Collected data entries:

+++

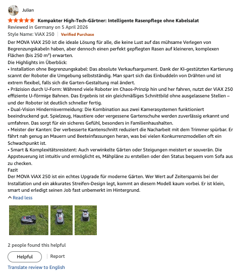 市场的真实反馈是检验产品力的最佳标尺。在亚马逊等海外主流电商平台上,MOVA割草机器人累计收获超多用户高分评价,成了“真第一”最直接的注脚。德国用户在购买MOVA ViAX 250后评价道:“两个摄像头系统的组合效果令人印象深刻。玩具、宠物或被遗忘的花园鞋都能被可靠识别和避开。这在有孩子的家庭中尤其能提供安全感。同时割草均匀、无遗漏区域,机器人完成工作的速度要快得多。”
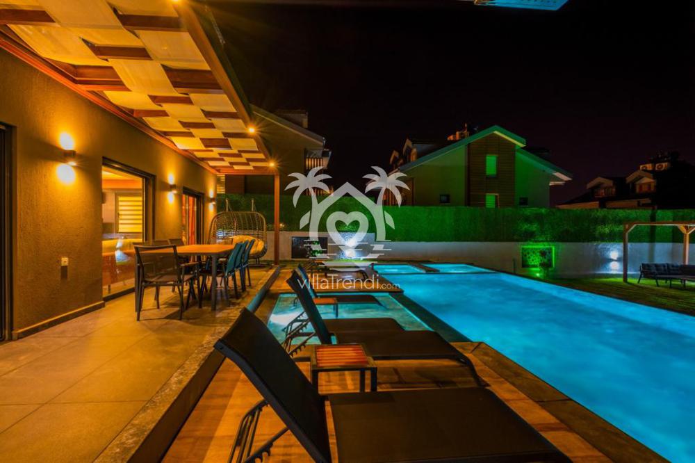 Havuzlu villa kiralama arayan misafirler için ideal bir seçenektir. Villa özel dikdörtgen havuza sahiptir. Havuz ölçüleri 11×7 metre ve 1.5 metre derinliktedir. Korunaklı yapısı sakin yüzme sağlar. Bahçe ışıklandırması akşam serinliğinde romantik ortam sunar. Ekibimiz her sabah havuz ve bahçeyi temizler. Bu sayede havuz suyunu ve peyzaj düzenini her zaman temiz tutuyoruz. Şezlong ve şemsiye bahçede rahatlama alanı sunar. Jakuzi ise günün yorgunluğunu atmanızı sağlar. Veranda doğa manzarasını izleme imkanı tanır. Bahçe oturma grubu ve barbekü bölümü keyif katar. Üstelik size bebek park yatağı ve mama sandalyesi temin edilir. Otopark alanı güvenli park imkanı sunar. Salon bölümünde oturma grubu ve TV vardır. Kablosuz modem aracılığıyla internet erişimi sağlar. Böylece bağlantı sorunuyla karşılaşmazsınız.
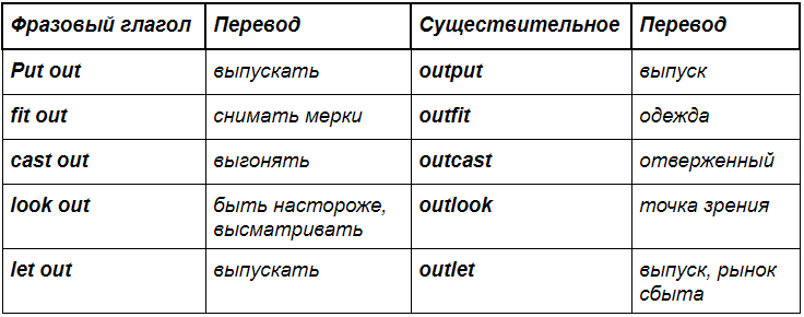 Любопытно, что в фразовых глаголах наречие или предлог всегда стоит после глагола. А в существительных, которые были образованы от этих глаголов, наречие почти всегда находится впереди.
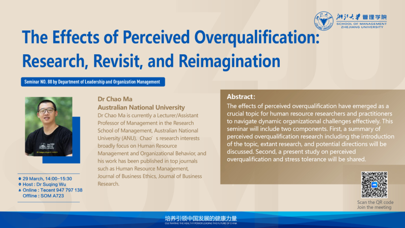 资历过剩(overqualification)指的是员工的教育水平、所受培训和掌握的经验超出了其工作岗位的要求,却未在工作中得到充分利用。资历过剩可能对员工的工作态度、工作场所行为和人际关系等方面产生影响。此次讲座将就这一话题展开讨论。我们将剖析资历过剩这一概念,回顾当前研究进展,分析其可能引发的问题以及影响机制。其次,我们将分享一篇最新的研究成果。我们在研究中提出,感知到资历过剩的员工(perceived overqualification)更有可能提升其对于短暂的痛苦耐受的自我效能感,并因此在工作中产生更多的即兴行为。这一过程同时也受到人力资源实践的影响。
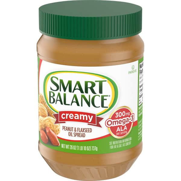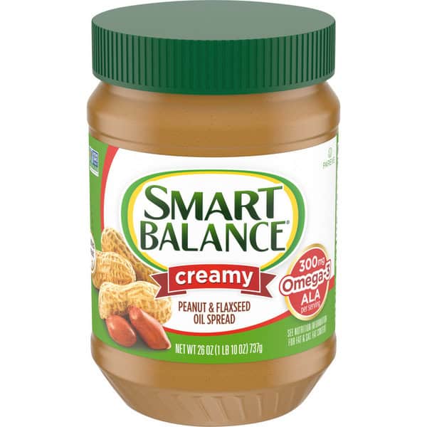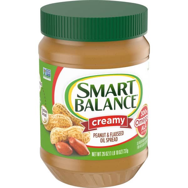 Smart Balance Creamy Peanut and Flaxseed Oil Spread is a delicious alternative to peanut butter. This creamy peanut spread is made with deep-roasted peanuts for extra flavor and flaxseed oil. Not only is this smooth and creamy spread delicious, it is also made with no hydrogenated oils, 8 grams of protein, 0 grams of trans fat and 300 milligrams of omega-3 ALA per serving (18% of 1.6g DV) and non-GMO ingredients, so you can enjoy it without compromising nutrition goals. Use Smart Balance peanut butter alternative to make peanut butter and jelly sandwiches for easy lunches on the go. You can also try pairing this smooth peanut butter spread with bananas and apples for a delicious healthy snack food. This creamy peanut butter substitute is also gluten free and lactose free. The jar is easy to store and use and should be kept at room temperature. Love the feeling you get from truly great food. Smart Balance makes the staples of your diet better than before—for you, your family and the world.
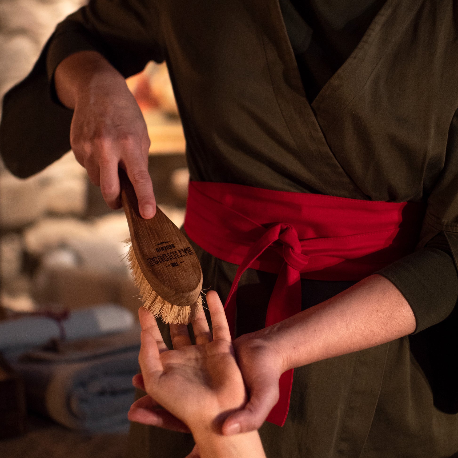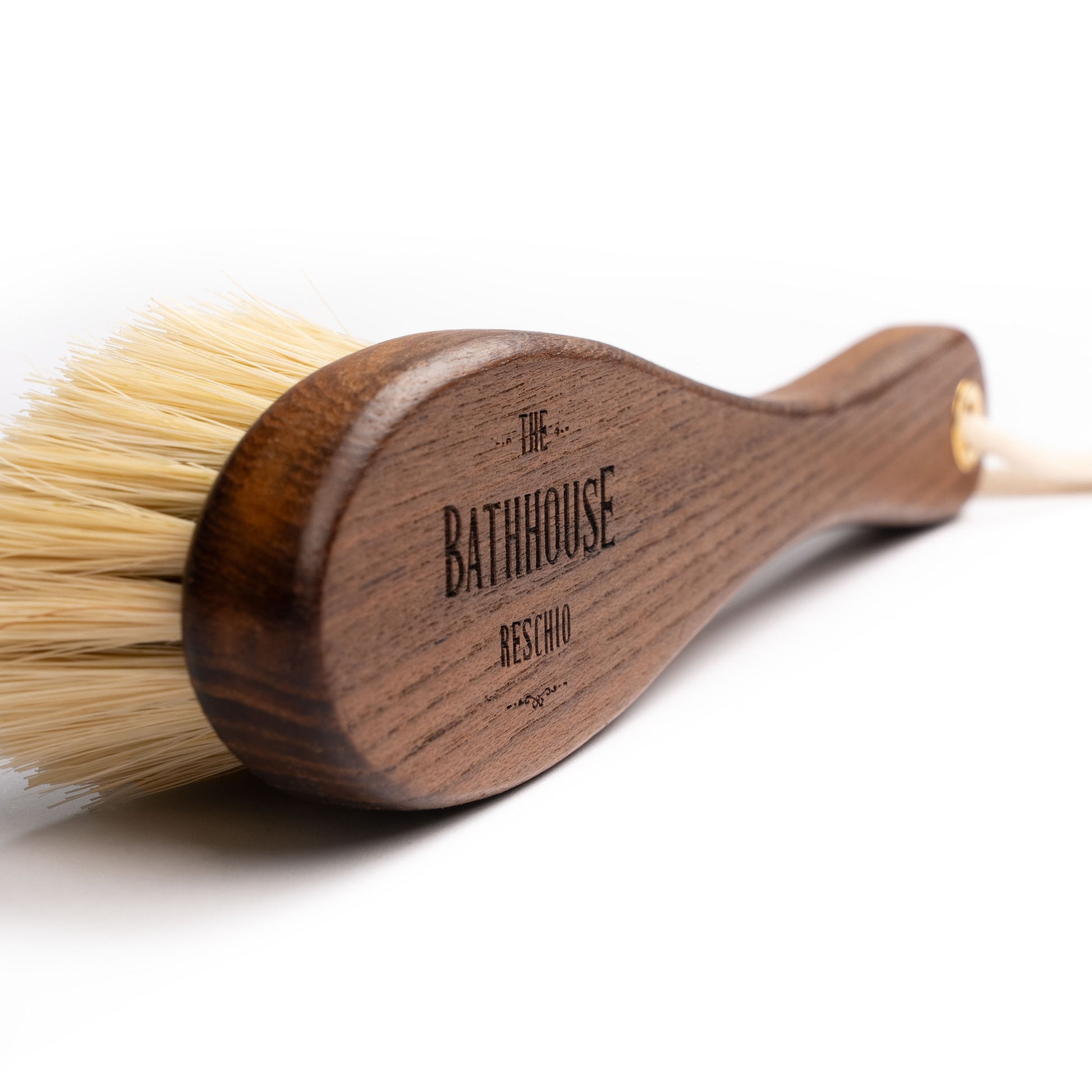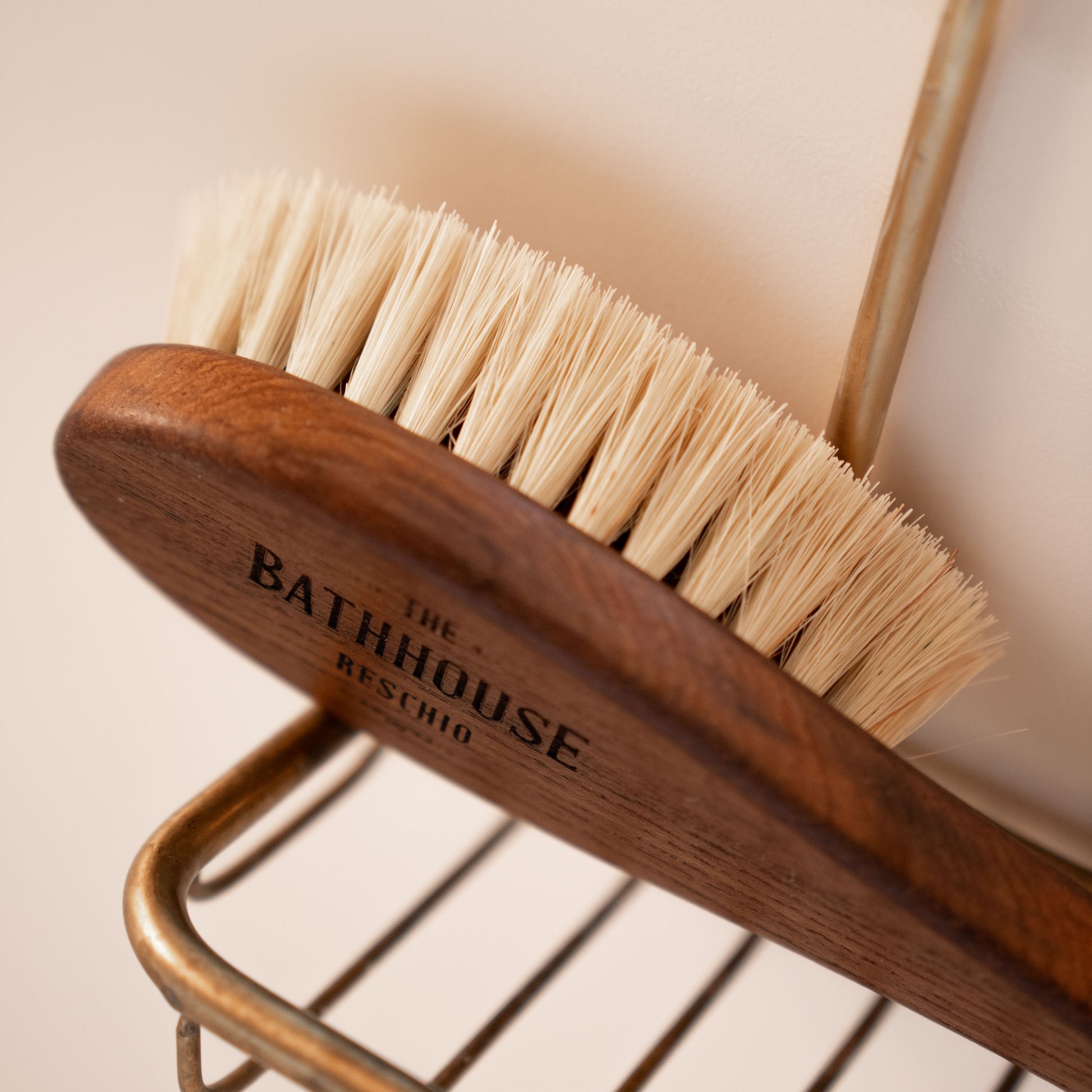 Made from European beech wood and Tampico plant fibres, this oval body brush is ideal for introducing dry brushing into your daily ritual. The longer bristles exfoliate deeply yet gently, making it suitable even for sensitive skin. An elastic hand strap ensures a secure grip. Crafted in Italy, it offers a natural, effective way to stimulate the skin and boost circulation.
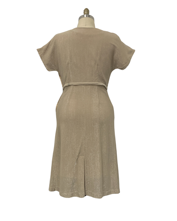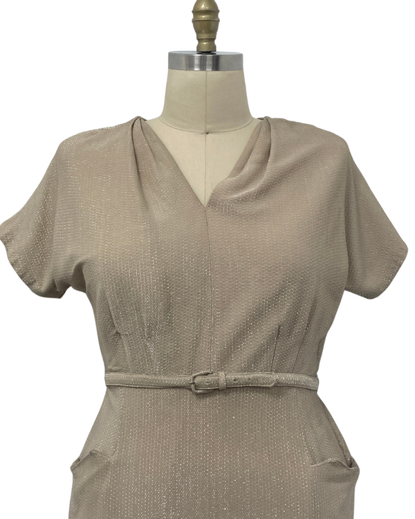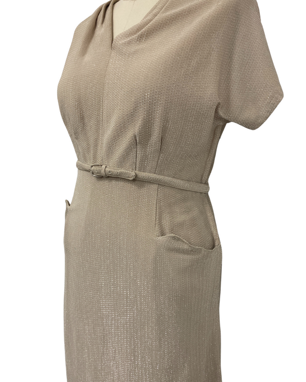 1950s PLUS SIZE BEIGE & SILVER LUREX DRESS {WAIST 37 INCHES}
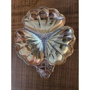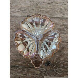 Vintage Jeannette Carnival Glass Marigold Clover Leaf Candy Dish Triple Divide
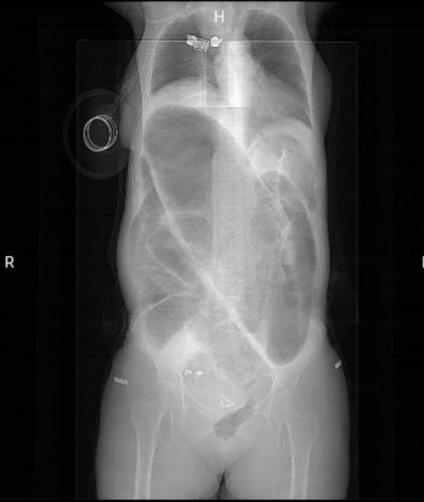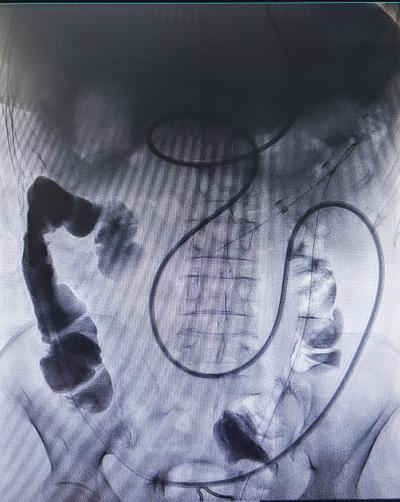 入院后完善相关检查,经介入团队留置肠梗阻导管(经鼻型、经肛型),肠梗阻导管由硅橡胶制成,富于柔韧性,有效吸引肠道内容物,充分减轻肠道压力、肠道准备,为患者能够行全腹腔镜全结肠切除提供了重要的先决条件。我院普外三科邵学谦主任及其团队在手术室团队的协助下完成了全腹腔镜下全结肠切除术。术后患者病情恢复良好,便秘症状得到了完全缓解,生活质量得到了显著提高。
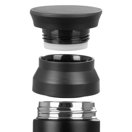 Botella térmica metálica doble pared aislante, cubierta de Polipropileno (PP) acabado mate, interior Acero inoxidable 304 SS, exterior Acero inoxidable 201 SS, modelo "SMART LID". Incluye doble tapa rosca de plástico PP negro, con sello cilíndrico de silicona, sistema de filtro circular y termómetro digital en la tapa superior, que marca la temperatura del líquido interior. Capacidad 480ml. Producto BPA FREE, para el contacto con líquidos y alimentos. Presentación en bolsa plástica transparente + caja de regalo de cartón laminado negro.
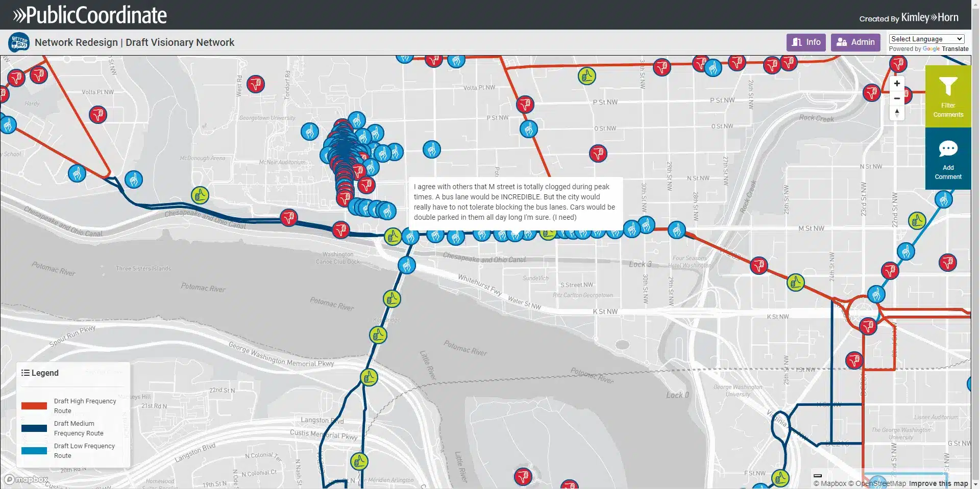 PublicCoordinate, an interactive online software, allowed the public and stakeholders to explore the proposed bus network, compare the proposed changes to the existing routes, and provide feedback all in one view. Commenters were also able to use a drop-down menu to view a route in isolation from the entire network, enabling them to leave comments at specific places in their neighborhoods regarding bus stops, bus lanes, service requests, and more through the “Comment on Your Route” feature. Accessible through a website designed by Kimley-Horn and developed by Cambridge Systematics, PublicCoordinate was identified as an approachable and easy-to-use tool for community engagement.

+++

Starting with the first line of the records above and stopping after the line containing "Havuzlu villa kiralama", repeat every line exactly and leave out the pictures.

**Answer to this task:**
 市场的真实反馈是检验产品力的最佳标尺。在亚马逊等海外主流电商平台上,MOVA割草机器人累计收获超多用户高分评价,成了“真第一”最直接的注脚。德国用户在购买MOVA ViAX 250后评价道:“两个摄像头系统的组合效果令人印象深刻。玩具、宠物或被遗忘的花园鞋都能被可靠识别和避开。这在有孩子的家庭中尤其能提供安全感。同时割草均匀、无遗漏区域,机器人完成工作的速度要快得多。”
 Havuzlu villa kiralama arayan misafirler için ideal bir seçenektir. Villa özel dikdörtgen havuza sahiptir. Havuz ölçüleri 11×7 metre ve 1.5 metre derinliktedir. Korunaklı yapısı sakin yüzme sağlar. Bahçe ışıklandırması akşam serinliğinde romantik ortam sunar. Ekibimiz her sabah havuz ve bahçeyi temizler. Bu sayede havuz suyunu ve peyzaj düzenini her zaman temiz tutuyoruz. Şezlong ve şemsiye bahçede rahatlama alanı sunar. Jakuzi ise günün yorgunluğunu atmanızı sağlar. Veranda doğa manzarasını izleme imkanı tanır. Bahçe oturma grubu ve barbekü bölümü keyif katar. Üstelik size bebek park yatağı ve mama sandalyesi temin edilir. Otopark alanı güvenli park imkanı sunar. Salon bölümünde oturma grubu ve TV vardır. Kablosuz modem aracılığıyla internet erişimi sağlar. Böylece bağlantı sorunuyla karşılaşmazsınız.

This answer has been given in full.